#### [Work task]
Please repeat each line from the one holding "SUBARU LEVORG STI SPORT EX 4WD - лот 36223" through the final line of the data, exactly as it stands, with no pictures.

#### [Data provided]
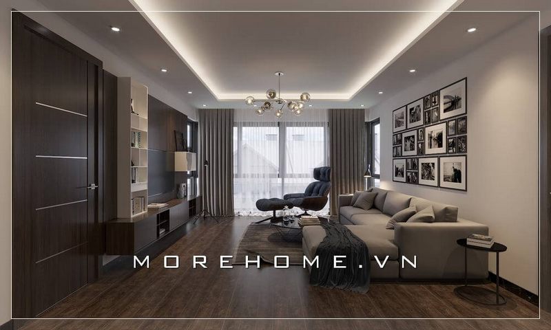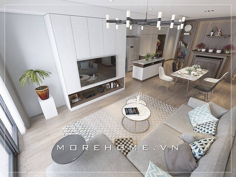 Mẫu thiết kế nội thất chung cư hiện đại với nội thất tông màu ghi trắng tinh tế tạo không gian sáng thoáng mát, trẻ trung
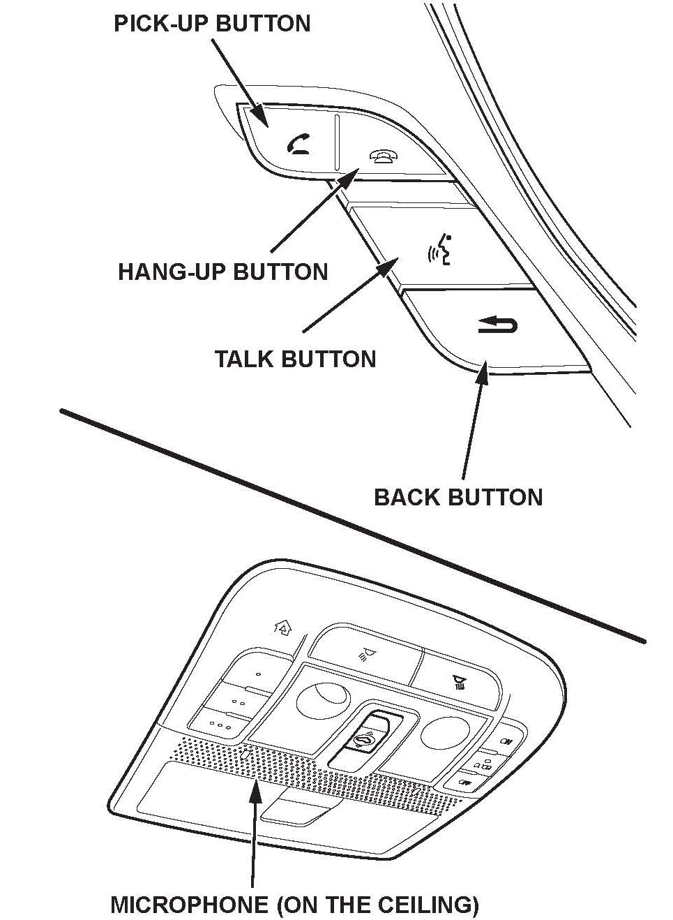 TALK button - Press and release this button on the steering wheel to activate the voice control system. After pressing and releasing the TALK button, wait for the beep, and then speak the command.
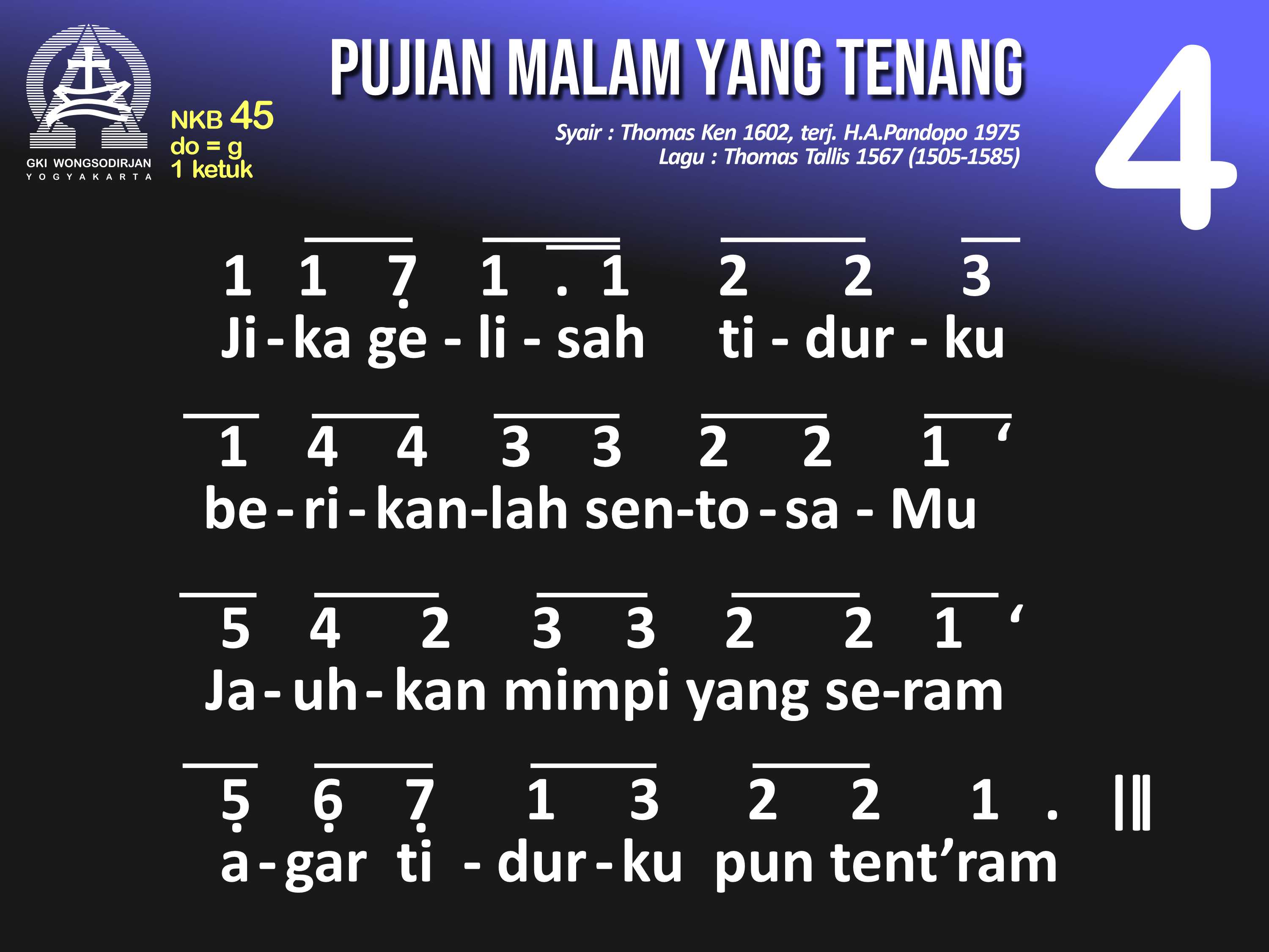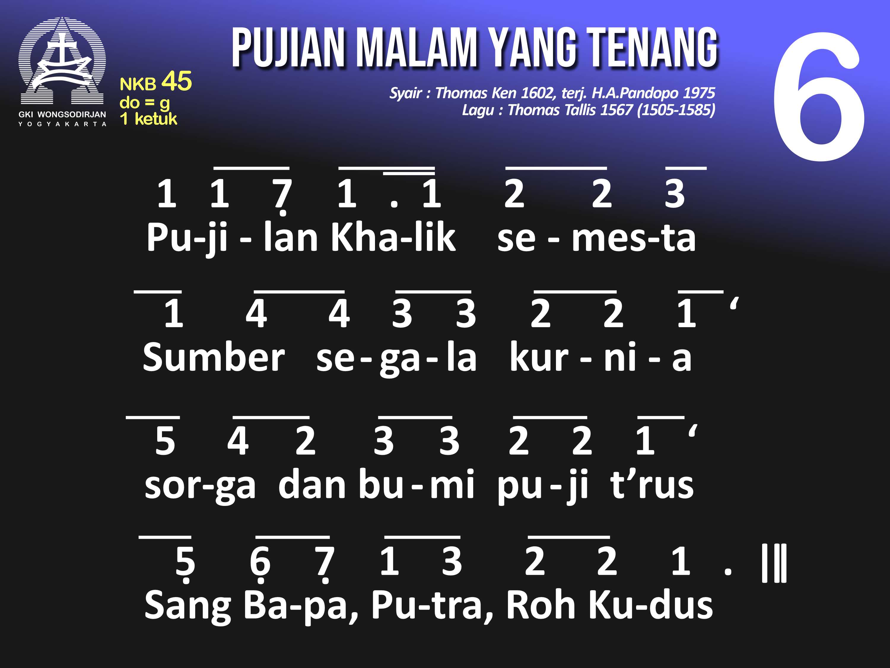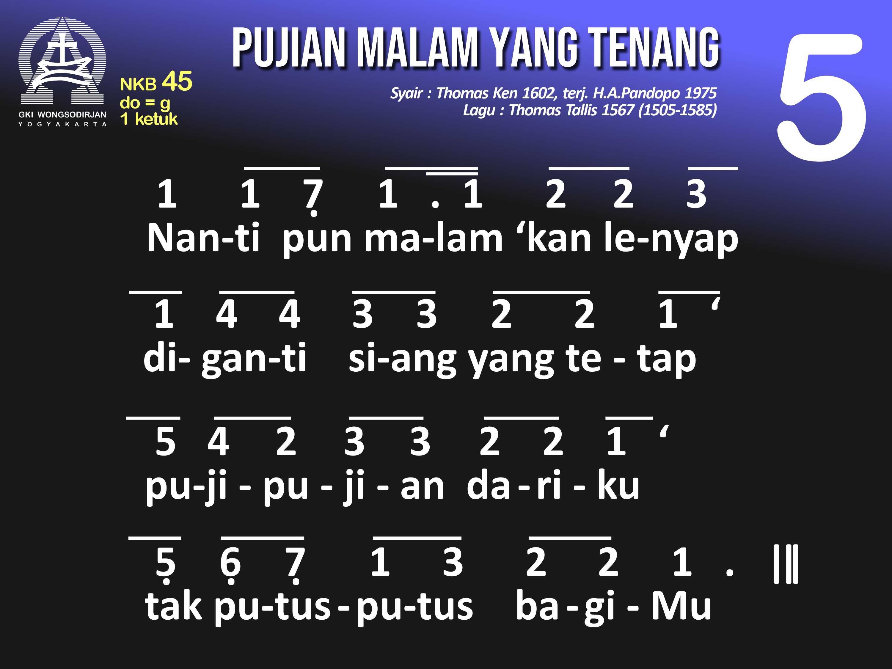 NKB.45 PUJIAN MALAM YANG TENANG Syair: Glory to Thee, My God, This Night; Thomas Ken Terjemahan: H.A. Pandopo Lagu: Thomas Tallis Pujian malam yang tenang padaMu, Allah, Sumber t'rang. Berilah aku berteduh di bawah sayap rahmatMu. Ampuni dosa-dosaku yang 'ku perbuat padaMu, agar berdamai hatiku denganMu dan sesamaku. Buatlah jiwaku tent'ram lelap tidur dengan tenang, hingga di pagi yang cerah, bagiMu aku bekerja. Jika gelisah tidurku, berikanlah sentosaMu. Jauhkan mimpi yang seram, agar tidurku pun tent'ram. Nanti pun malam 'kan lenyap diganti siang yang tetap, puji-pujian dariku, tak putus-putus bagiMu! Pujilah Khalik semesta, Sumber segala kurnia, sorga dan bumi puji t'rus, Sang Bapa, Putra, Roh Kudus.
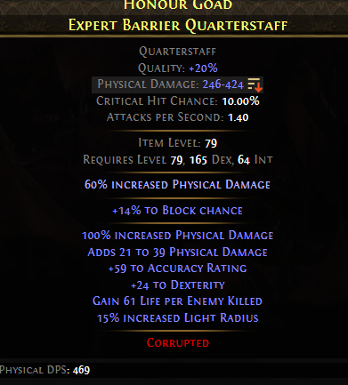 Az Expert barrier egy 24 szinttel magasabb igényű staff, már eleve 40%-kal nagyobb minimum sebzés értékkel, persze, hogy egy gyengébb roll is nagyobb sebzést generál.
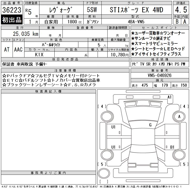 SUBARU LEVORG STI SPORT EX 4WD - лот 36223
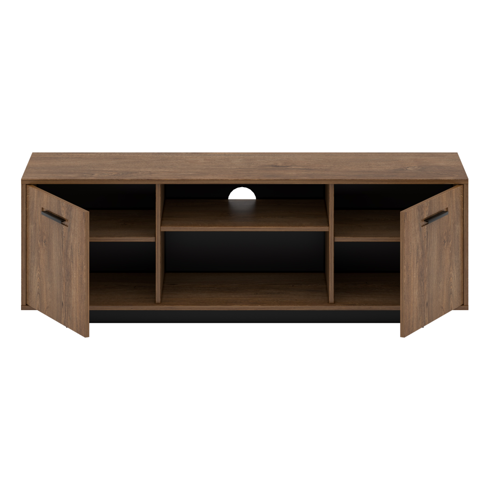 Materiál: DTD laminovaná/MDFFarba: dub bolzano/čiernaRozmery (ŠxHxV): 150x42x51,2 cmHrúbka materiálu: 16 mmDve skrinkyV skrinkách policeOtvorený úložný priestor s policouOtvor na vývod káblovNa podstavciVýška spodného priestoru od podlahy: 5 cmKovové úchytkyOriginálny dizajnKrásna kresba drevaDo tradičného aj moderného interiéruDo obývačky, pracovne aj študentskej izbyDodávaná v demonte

#### [Solution]
 SUBARU LEVORG STI SPORT EX 4WD - лот 36223
 Materiál: DTD laminovaná/MDFFarba: dub bolzano/čiernaRozmery (ŠxHxV): 150x42x51,2 cmHrúbka materiálu: 16 mmDve skrinkyV skrinkách policeOtvorený úložný priestor s policouOtvor na vývod káblovNa podstavciVýška spodného priestoru od podlahy: 5 cmKovové úchytkyOriginálny dizajnKrásna kresba drevaDo tradičného aj moderného interiéruDo obývačky, pracovne aj študentskej izbyDodávaná v demonte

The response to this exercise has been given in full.